This week in Medicare updates—7/31/2019

July 31, 2019
Medicare Insider

Short- and Long-Term Outcomes after Bariatric Surgery in the Medicare Population

On July 19, CMS published a Technology Assessment regarding the current evidence for the effectiveness and safety of bariatric therapies in the Medicare-eligible population. The information in the report is intended to help healthcare decision-makers make well-informed decisions regarding bariatric surgery to improve the quality of healthcare services.

 

Solutions to Reduce Fraud, Waste, and Abuse in HHS Programs: OIG’s Top Recommendations

On July 22, the OIG published a Report regarding the top 25 recommendations HHS has not implemented that the OIG believes would most positively affect HHS programs. Of the 25 recommendations, 18 apply to CMS programs. These include recommendations such as:

  • CMS should analyze potential impacts of counting time as an outpatient toward the 3-day stay requirement for SNF services
  • CMS should seek legislative authority to comprehensively reform the hospital wage index system
  • CMS should continue to ensure that medical device-specific information is included on claim forms and require hospitals to use certain condition codes for reporting device replacement procedures

 

Medicare Quarterly Provider Compliance Newsletter

On July 22, CMS published the July issue of the Medicare Quarterly Compliance Newsletter. This edition of the newsletter discusses documentation issues for Negative Pressure Wound Therapy (NPWT) and chiropractic services. It also examines evaluation and management (E/M) services for office or outpatient visits that were incorrectly billed for hospital inpatients and claims for multiple spinal orthoses within the reasonable useful lifetime.

 

Provider Compliance Tips for Glucose Monitors and Diabetic Accessories/Supplies

On July 22, CMS published an MLN Fact Sheet regarding documentation and coverage standards for glucose monitors and diabetic accessories/supplies.
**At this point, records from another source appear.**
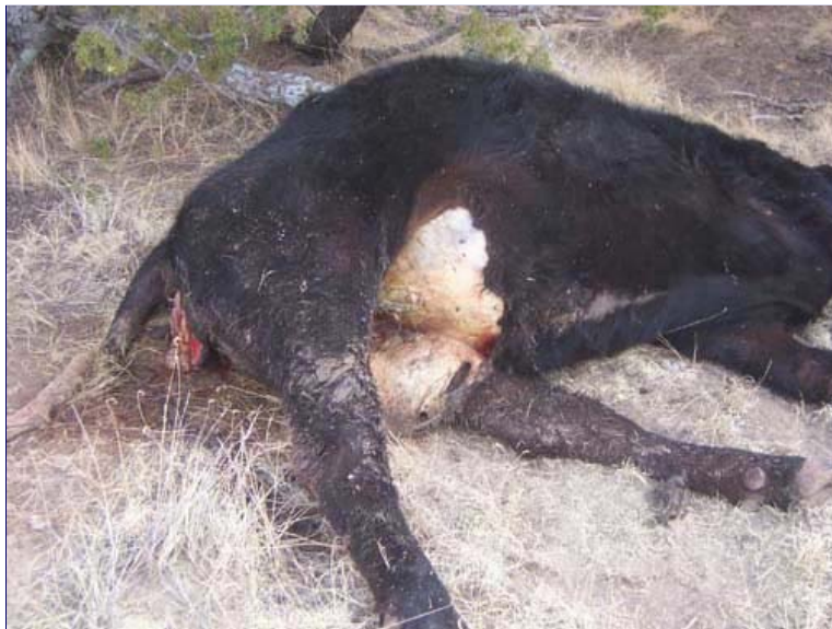
2.5-year-old English Angus and French Gelbvieh heifer crossbreed as she was found beneath a juniper tree with udder bloodlessly removed, vaginal tissues reddened and expanded from having given birth earlier Friday night, March 20, 2009, to male calf. Image Saturday morning, March 21, 2009

Around where the udder had been removed, I could find no traces of blood at all. The cuts were just perfect. They were bigger than the actual udder would have been and they just cut the hide and pulled the udder out. What is left is just some tallow – she was a good, fat heifer – and some raw meat (muscle). But none of that has been cut! Her stomach had never been torn open. Her rectum had not been torn open.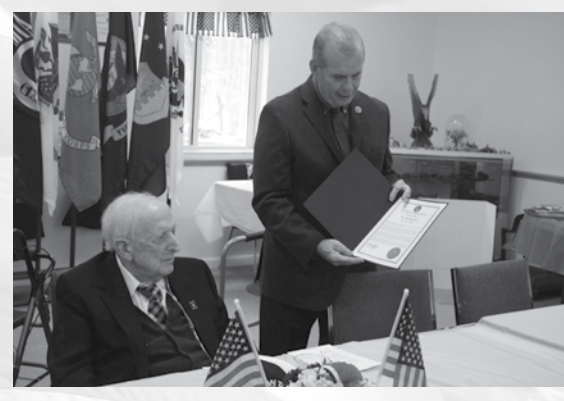
U.S. Rep. Tim Walberg, R-Tipton, also presented a special congressional tribute.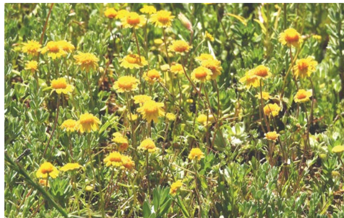
Endangered Contra Costa Goldfields, Warm Springs Unit

In 2018, Medicare’s improper payment rate for glucose monitors was 45.6%, and an OIG report also found Medicare made improper payments for diabetic test strips. The fact sheet reviews coverage criteria and reasons for denials for these supplies.

 

Resource Guide for Using Diagnosis Codes in Health Insurance Claims to Help Identify Unreported Abuse or Neglect

On July 23, the OIG published a Resource Guide regarding the use of diagnosis codes to help identify unreported instances of potential abuse or neglect. The guide explains the OIG’s approach to using claims data to identify these incidents and includes a flow chart of key decision points to make in this method. It also has a case study covering the OIG’s method for going through claims and identifying risk areas, and it has lists of diagnosis codes that may indicate potential abuse or neglect.

 

Appropriate Use Criteria (AUC) for Advanced Diagnostic Imaging – Educational and Operations Testing Period - Claims Processing Requirements

On July 26, CMS published One-Time Notification Transmittal 2323 regarding HCPCS modifiers that will be used during the educational and operations testing period for a new program under PAMA in which an ordering provider will consult a qualified clinical decision support mechanism (CDSM) when ordering an advanced imaging service for a Medicare beneficiary. This testing period will involve reporting AUC-related HCPCS modifiers on claims with an advanced diagnostic imaging HCPCS code. Claims should also include G codes to report which CDSM was used.